Welche drei wichtigsten Erkenntnisse möchten Sie anderen Kommunen oder Projekten mit auf den Weg geben?
Erstens: Nutzen Sie – auch kurzfristige oder temporäre – Aufwertungsmöglichkeiten, wo immer sich eine Gelegenheit dazu bietet. Warten Sie nicht auf die ideale Fläche, auf die niemand sonst irgendeinen Anspruch erhebt. Sie werden sie in der Stadt nicht finden.
Zweitens: Die Schönheit von Stadtwildnis-Flächen muss nicht zwingend in der Gestaltung liegen. Sie liegt aber ganz bestimmt im vielfältigen Leben, das auf solchen Flächen stattfindet.
Drittens: Beobachten Sie diese Flächen und ihre dynamische Entwicklung. Nutzen Sie natürliche Materialien und Vorgänge wie Naturverjüngung zur Bereicherung der Fläche mit zusätzlichen Strukturen. Lernen Sie von der Natur.
Gibt es Beispiele für (inter)nationale StadtWildnis-Projekte, von denen Winterthur gelernt hat?
Solche Beispiele sind uns nicht bekannt. Wir lernen selbst ständig dazu.

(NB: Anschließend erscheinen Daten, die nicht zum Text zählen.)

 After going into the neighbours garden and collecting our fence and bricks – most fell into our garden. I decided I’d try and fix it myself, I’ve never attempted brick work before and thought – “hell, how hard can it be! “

Welche zukünftigen Entwicklungen erwarten Sie für StadtWildnis in Winterthur und anderen Städten?
Ich nehme an, dass das Bedürfnis der urbanen Bevölkerung nach Naturerlebnissen und Naturbeobachtung vor der Haustür zunehmen wird, je dichter und bevölkerungsreicher unsere Städte werden. Außerdem orientieren sich die Vorstellungen davon, wie Grünflächen in Wohngebieten aussehen sollen, immer häufiger an den naturnahen Landschaften in der Umgebung. Die psychologischen Vorteile und die vielfältigen Ökosystemleistungen intakter, biodiverser Grünräume sind unerreicht und können durch keine (bezahlbaren) technischen Anlagen ersetzt werden.
Möchten Sie uns noch etwas mitteilen, dass wir nicht gefragt haben?

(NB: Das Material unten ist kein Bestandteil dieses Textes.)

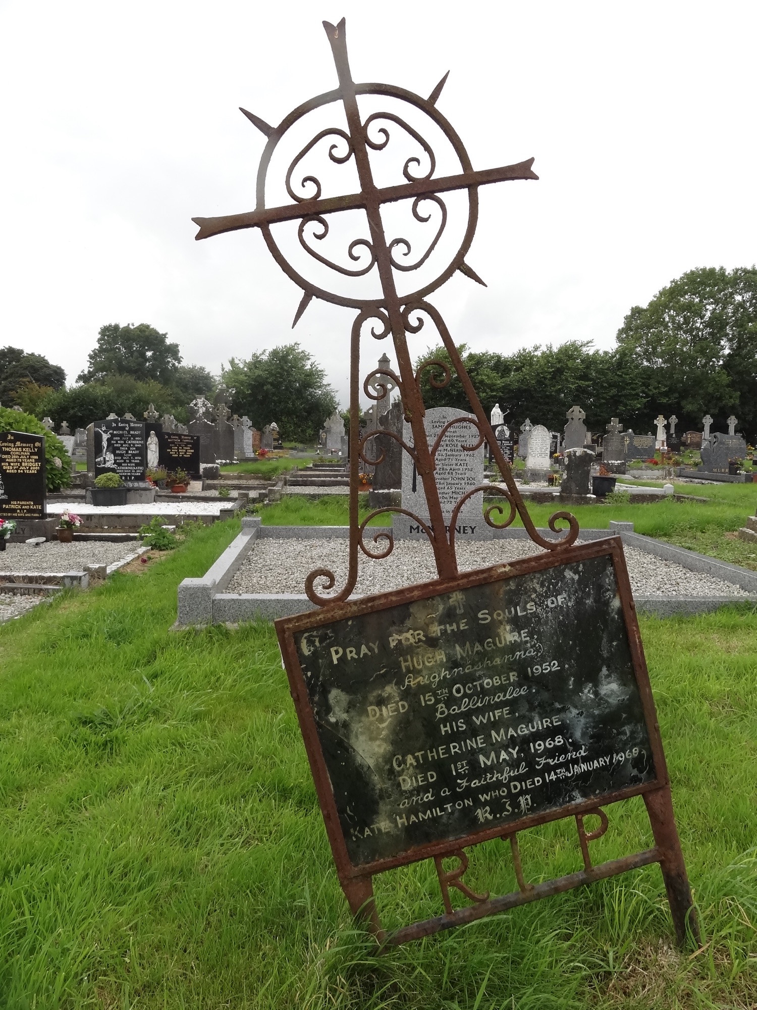 Pray for the souls ofHugh MaguireAughnashannadied 15th October 1952BallinaleeHis wifeCatherine Maguiredied 1st May 1968and a faithful friendKate Hamilton who died 14th January 1968R.I.P.

Mehr Wildnis wagen zahlt sich aus – für Mensch und Natur.
1 Ruderalstandorte sind vom Menschen beeinflusste, oft gestörte Flächen wie Brachen, Wegränder oder Baustellen, auf denen sich robuste Pionierpflanzen ansiedeln. Sie bieten vielfältigen Arten einen Lebensraum und fördern dadurch die Biodiversität im urbanen Raum.
2 TreeClumps sind kleine Baumgruppen oder Gehölzansammlungen, die typischerweise in offenen Landschaften (z. B. Wiesen, Felder, Parks) vorkommen. Sie schaffen Schatten, beeinflussen das Mikroklima positiv und bieten Lebensraum für verschiedene Arten.

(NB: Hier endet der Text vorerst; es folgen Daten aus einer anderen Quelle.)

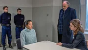 Borcherts FallThomas Borchert (Christian Kohlund, 2. v. re.) und Anwältin Dominique Kuster (Katrin Bauerfeind, re.) kümmern sich um die verängstigte Haushaltshilfe Amihan Singh (Kotti Yun), die in U-Haft sitzt.Bild: © ARD Degeto/Graf Film/Václav S. Sadilek

3 Ein Tiny Forest ist ein dicht bepflanzter, biodiverser Mini-Wald – meist nicht größer als ein Tennisplatz – der auf kleinstem Raum ein stabiles, sich selbst erhaltendes Ökosystem bildet. Mit dutzenden heimischen Baum- und Straucharten bietet er Lebensraum für Insekten, Vögel und Kleintiere, verbessert das Mikroklima und schafft grüne Begegnungsräume mitten in der Stadt.
4 Symbiose (auch Mutualismus genannt) bezeichnet das enge Zusammenleben zweier oder mehrerer Arten, bei dem alle Beteiligten profitieren. Solche Partnerschaften gibt es zwischen Pflanzen, Tieren und Mikroorganismen. Beispiele sind Flechten (Pilz und Alge) oder Mykorrhiza, eine Verbindung zwischen Pilzen und den Wurzeln höherer Pflanzen.
5 Parasitismus beschreibt das Zusammenleben zweier oder mehreren Arten bei dem nur einer gewinnt: der Parasit. Er ist vom Wirt abhängig. Ein bekanntes Beispiel dafür sind Viren, die sich nur in Wirtszellen vermehren können.